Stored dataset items
========================================================================

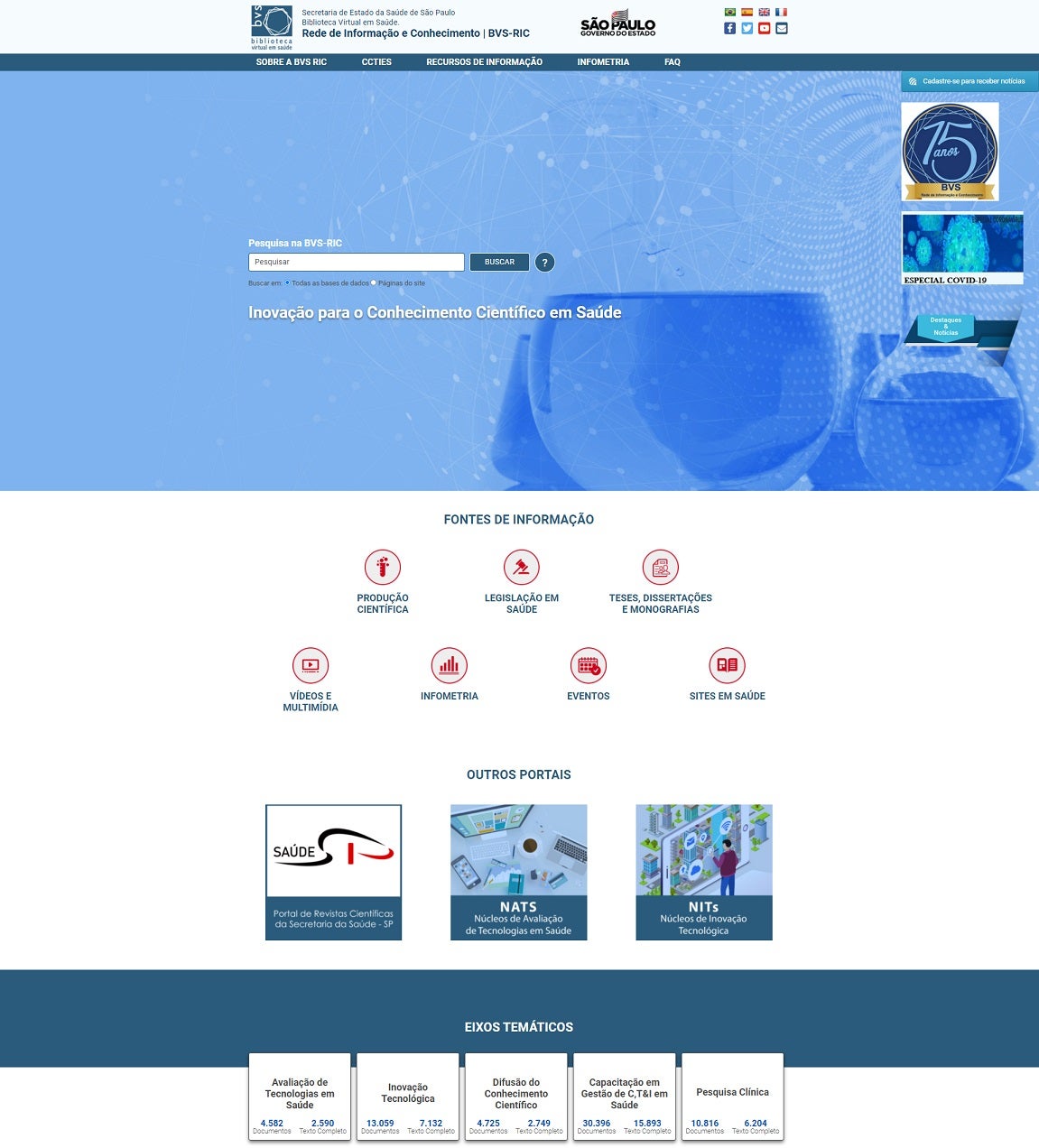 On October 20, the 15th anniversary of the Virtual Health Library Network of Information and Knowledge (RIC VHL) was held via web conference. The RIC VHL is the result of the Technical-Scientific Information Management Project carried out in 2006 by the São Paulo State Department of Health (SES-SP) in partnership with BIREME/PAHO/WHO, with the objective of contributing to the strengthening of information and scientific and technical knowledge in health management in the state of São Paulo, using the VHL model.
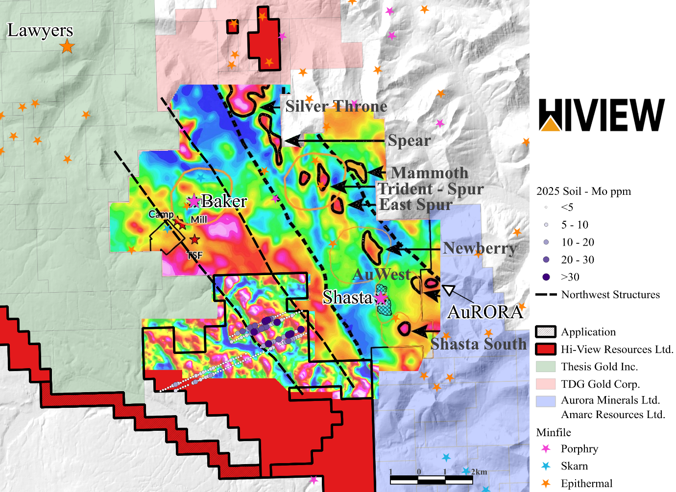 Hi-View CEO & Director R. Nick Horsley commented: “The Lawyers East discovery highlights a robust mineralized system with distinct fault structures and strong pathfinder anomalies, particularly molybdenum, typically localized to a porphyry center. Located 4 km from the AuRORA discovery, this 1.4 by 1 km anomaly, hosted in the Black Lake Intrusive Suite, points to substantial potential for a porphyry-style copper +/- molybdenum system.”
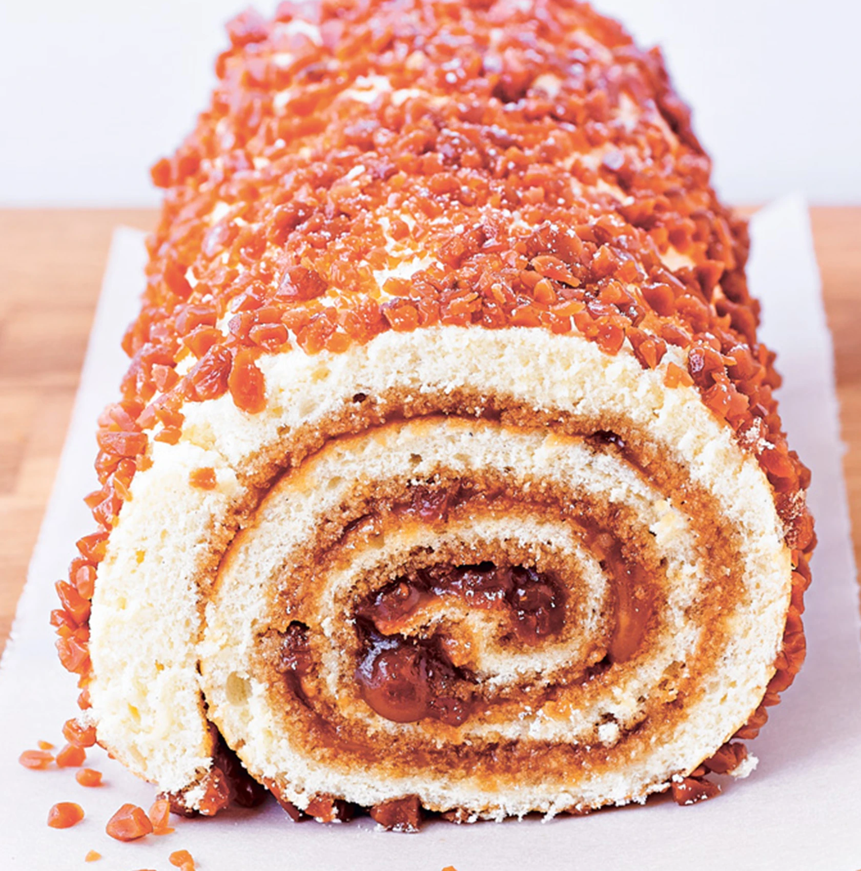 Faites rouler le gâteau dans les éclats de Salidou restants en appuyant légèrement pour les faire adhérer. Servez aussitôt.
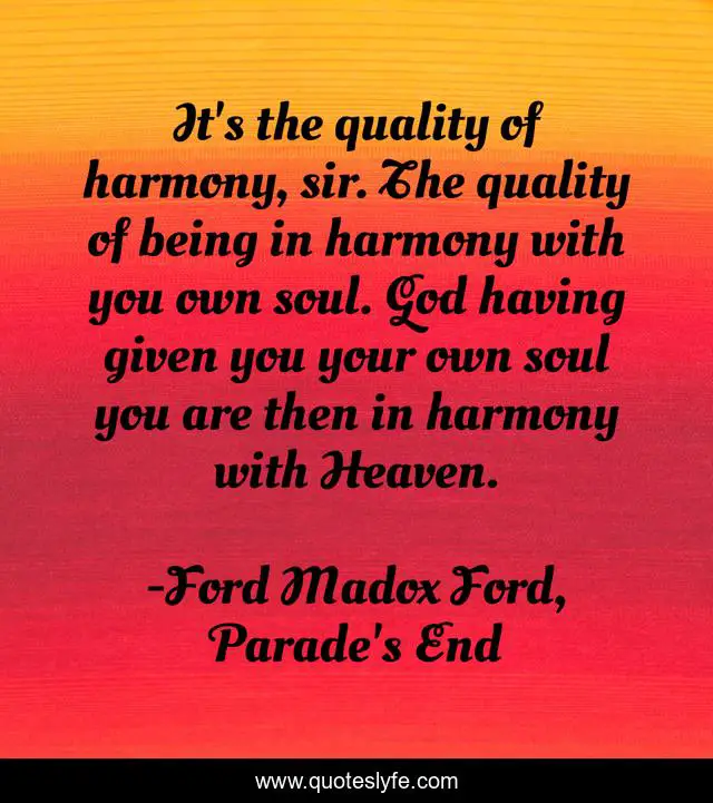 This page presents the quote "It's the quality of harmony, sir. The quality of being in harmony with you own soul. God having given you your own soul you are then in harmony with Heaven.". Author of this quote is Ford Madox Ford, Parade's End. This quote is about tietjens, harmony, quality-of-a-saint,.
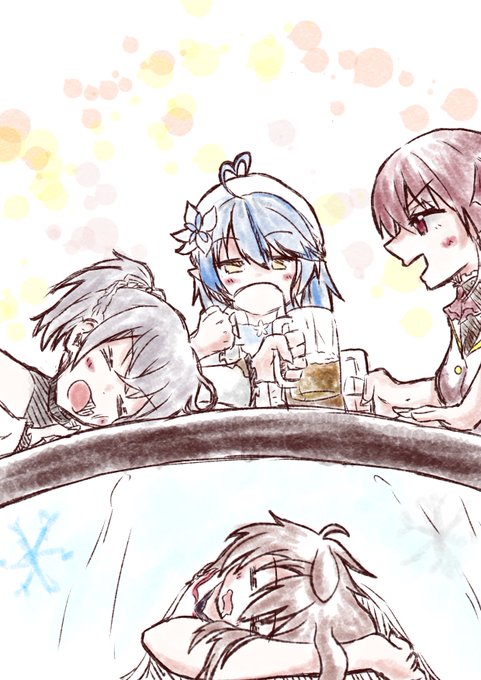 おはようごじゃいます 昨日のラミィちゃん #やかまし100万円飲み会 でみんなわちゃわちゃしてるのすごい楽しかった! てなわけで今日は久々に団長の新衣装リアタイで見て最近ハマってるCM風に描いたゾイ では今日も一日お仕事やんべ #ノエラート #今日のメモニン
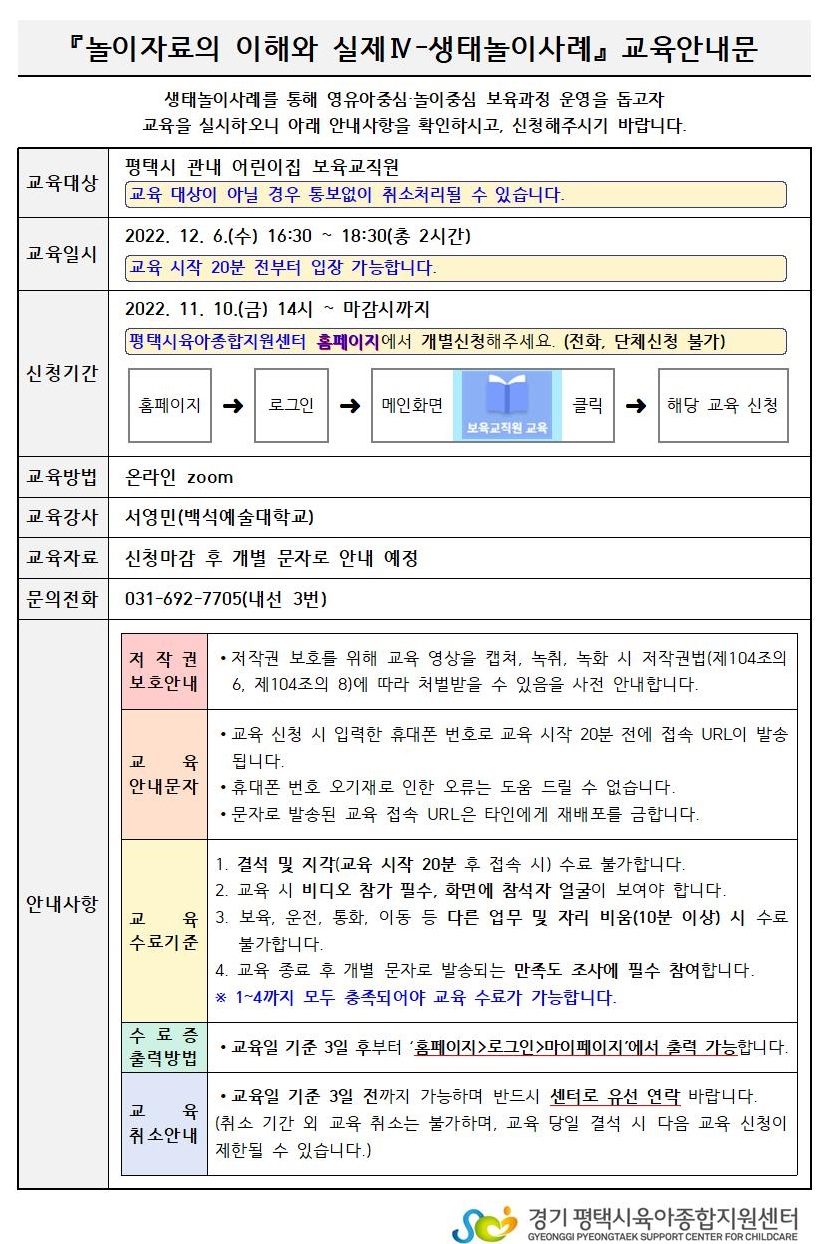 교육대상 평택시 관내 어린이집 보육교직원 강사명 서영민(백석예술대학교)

========================================================================

WHAT THIS TASK INVOLVES
Give back the records word for word, without their pictures.

REPLY
 On October 20, the 15th anniversary of the Virtual Health Library Network of Information and Knowledge (RIC VHL) was held via web conference. The RIC VHL is the result of the Technical-Scientific Information Management Project carried out in 2006 by the São Paulo State Department of Health (SES-SP) in partnership with BIREME/PAHO/WHO, with the objective of contributing to the strengthening of information and scientific and technical knowledge in health management in the state of São Paulo, using the VHL model.
 Hi-View CEO & Director R. Nick Horsley commented: “The Lawyers East discovery highlights a robust mineralized system with distinct fault structures and strong pathfinder anomalies, particularly molybdenum, typically localized to a porphyry center. Located 4 km from the AuRORA discovery, this 1.4 by 1 km anomaly, hosted in the Black Lake Intrusive Suite, points to substantial potential for a porphyry-style copper +/- molybdenum system.”
 Faites rouler le gâteau dans les éclats de Salidou restants en appuyant légèrement pour les faire adhérer. Servez aussitôt.
 This page presents the quote "It's the quality of harmony, sir. The quality of being in harmony with you own soul. God having given you your own soul you are then in harmony with Heaven.". Author of this quote is Ford Madox Ford, Parade's End. This quote is about tietjens, harmony, quality-of-a-saint,.
 おはようごじゃいます 昨日のラミィちゃん #やかまし100万円飲み会 でみんなわちゃわちゃしてるのすごい楽しかった! てなわけで今日は久々に団長の新衣装リアタイで見て最近ハマってるCM風に描いたゾイ では今日も一日お仕事やんべ #ノエラート #今日のメモニン
 교육대상 평택시 관내 어린이집 보육교직원 강사명 서영민(백석예술대학교)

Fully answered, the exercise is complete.